I did get an email from the stbxw this morning, so the put a shadow over part of the morning. It was all business until I replied (my reply was all business) ... Then she went on to bring up something we had talked about a month ago (I thought she had forgotten) and asked my opinion on her calling my sister. To be fair I told her she should more than a month ago. I've since changed my mind as it seems to me that people who are friends with cheaters are more likely to be them themselves (stbxw's best friend broke up her marriage and a married man w. kids marriage). At this late date I don't want her calling my sister anymore. My sis was pretty broken up about this initially, and I don't want her being reminded about it all. They were pretty close though and my sister has known my stbxw almost all of her life. 

The stbxw also pointed out when our initial court date was, as if my lawyer had wouldnt tell me that.

Ok so someone smarter than me tell me wth that was about. She waited to drop that on me until the reply. Was that supposed to continue the conversation? Anyway, I didn't reply. Still trying to be strictly business. 

* oh and on a side note; I've decided that I don't care if the stbxw finds this. I don't see what real harm it would cause and she still knows more about me than anyone else, so if she chose to cyber-stalk me I (a) probably wouldn't know and (b) don't see why I'd care.


----------



## Chuck71 (Nov 5, 2012)

LIS-She is lining up your sister as a go between when she wants to try and reconnect. That is a PROMISE. Sit back and watch.


----------



## lostinspaces (Oct 22, 2012)

Don't thin so, and my sister is too young tone a good go between. I really do think she is committed to this. You'd have to know her family and personality to understand, but she can't admit she made a mistake and her parents would never forgive her for undoing this.


----------



## happyman64 (Jan 12, 2012)

Lost

Do not be Plan B. keep moving forward.

And you are right.

The STBXW loses you then your sister goes too!

Protect your sister.

And by the way your ex is a little crazy is just looks like stubbornness.

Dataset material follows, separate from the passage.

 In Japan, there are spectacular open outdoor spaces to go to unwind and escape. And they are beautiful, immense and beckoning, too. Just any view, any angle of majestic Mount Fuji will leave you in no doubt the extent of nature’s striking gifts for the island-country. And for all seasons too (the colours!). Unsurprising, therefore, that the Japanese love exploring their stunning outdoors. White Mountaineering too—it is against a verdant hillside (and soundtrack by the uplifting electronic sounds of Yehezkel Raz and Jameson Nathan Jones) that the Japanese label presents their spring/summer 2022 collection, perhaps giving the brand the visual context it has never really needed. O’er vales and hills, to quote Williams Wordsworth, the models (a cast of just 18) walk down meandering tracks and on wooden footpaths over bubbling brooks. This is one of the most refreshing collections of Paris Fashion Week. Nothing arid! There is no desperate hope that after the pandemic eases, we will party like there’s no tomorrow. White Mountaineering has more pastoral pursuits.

Because she thinks by keeping her relationship with your sister she can keep tabs on you.

You'll see.

You are doing great. Have fun at your new job.

HM64


----------



## lostinspaces (Oct 22, 2012)

Thanks HM. I'm definitely not going to give my blessing to that relationship. 

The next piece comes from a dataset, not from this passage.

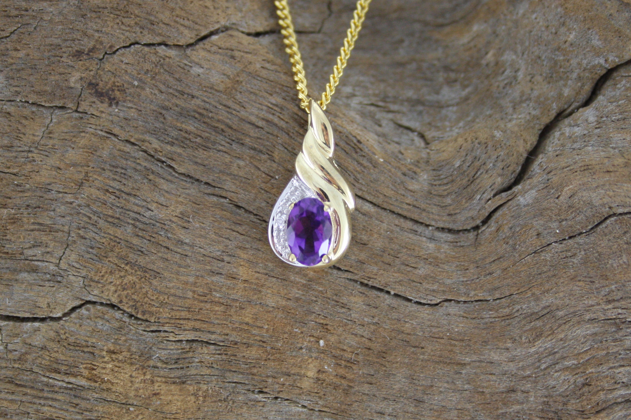 Product Code SKU7002. 9ct Yellow Gold 6mm x 4mm Oval Amethyst & Diamond Pendant. One of the quartz family Amethyst ranges from pale purple to a deep rich purple has a long history of use in many royal pieces and various religious orders. Amethyst has been suggested to ward of the effects of alcohol whatever its use the stone is a very rich and eye attracting stone in any many different settings or even as beads.

So, obviously, this morning is a bit rough. It's 4:45am and I've been up since 4 ... Not exactly sad, just dwelling on things. Woke up immediately thinking of her and some of the stuff she did. I still can't wrap my brain around how we could go from starting our family to her wanting a D in less than 4 months. I suppose us both traveling and not seeing each other much since the miscarriage did a ton of damage. 

Also thinking about how she was already replacing our photos with photos of a guy she's been with for just that time (less, likely) before I'm even out of the house. It makes me sick. How could I have misjudged her character so completely for 12 years?

I really did think this was the best person I had ever met.

I've been laying in bed thinking about the horrible things I'd like to say to her (in an email, so she has to read and can't argue). I know it wouldn't do any good and I won't actually write it, but I'm just very angry/betrayed at the moment again. 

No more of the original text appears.